Question

How do you use the rational root theorem to find the roots of `8x^3-3x^2+5x+15`?

Answer 1

`(1,2,4,8)/(1,3,5,9,15,45)=1,1/3,1/5,1/9,1/15,1/45,2,2/3,2/5,2/9,2/15,2/45,4,4/3,4/5,4/9,4/15,4/45,8,8/3,8/5,8/9,8/15,8/45`

Explanation:

The general form for a polynomial is as follows:
`px^n+a_n-1+...a_1x+q`

The rational roots theorem states that, to find any potential zeroes of a given polynomial function, the formula is: `("factors of p")/("factors of q")`, where `p` and `q` are the first and last coefficients of the given function. In this case, the factors of `p` are 1,2,4,and 8, and the factors of q are 1,3,5,9,15,and 45.

Once you have all the potential zeroes of the function, you just have to test them using synthetic division.

Answer 2

You can't.

You can determine that `8x^3-3x^2+5x+15=0` has one Real irrational root in `(-1, -3/4)` and no rational roots.

Explanation:

By the rational root theorem, any rational roots of `8x^3-3x^2+5x+15 = 0` must be expressible in lowest terms in the form `p/q` where `p, q in ZZ`, `q != 0`, `p` a divisor of the constant term `15` and `q` a divisor of the coefficient `8` of the leading term.

The prime factorisation of `8` is `2*2*2`.
The prime factorisation of `15` is `3*5`.

That means that the only possible rational roots are:

`+-1/8`, `+-1/4`, `+-3/8`, `+-1/2`, `+-5/8`, `+-3/4`, `+-1`, `+-5/4`, `+-3/2`, `+-15/8`, `+-5/2`, `+-3`, `+-15/4`, `+-5`, `+-15/2`, `+-15`

That's quite a lot of possibilities to try, so let's narrow it down.

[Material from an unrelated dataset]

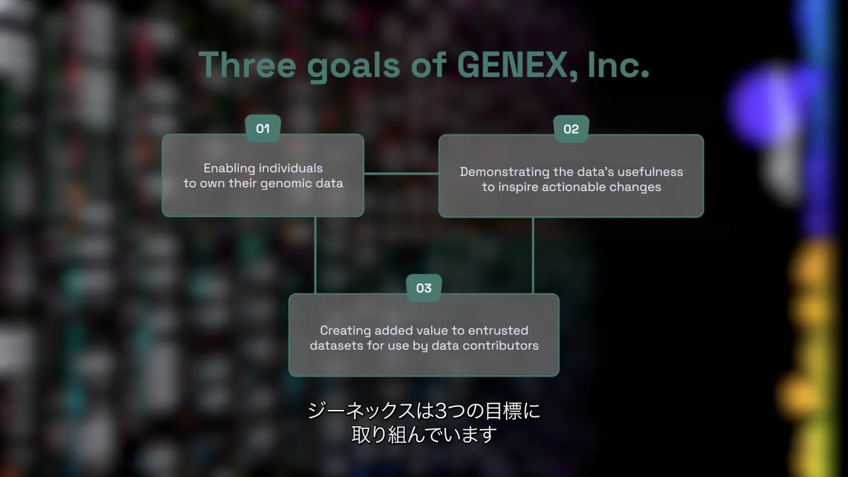 ジーネックス株式会社が新たに公開したコーポレートメッセージ動画は、「個人が自らのデータを持ち、考え、行動する」というビジョンをお伝えする内容となっています。この動画は、米国カリフォルニア州ロサンゼルスで開催される第69回米国生物物理学会年次総会でも放映され、多くの研究者や医療従事者にご覧いただける予定です。

Let `f(x) = 8x^3-3x^2+5x+15`

Then `f'(x) = 24x^2-6x+5`, which has a negative discriminant.

So we can deduce that `f(x)` is strictly monotonic increasing.

`f(-1) = -8-3-5+15 = -1`

`f(-3/4) = -8*3^3/4^3-3*3^2/4^2+5*3/4+15`

`= -27/8-27/16+15/4+15`

`= (-54-26+60+240)/16 = 220/16 = 55/4`

So `f(x) = 0` has one Real root in `(-1, -3/4)`, but it is not rational.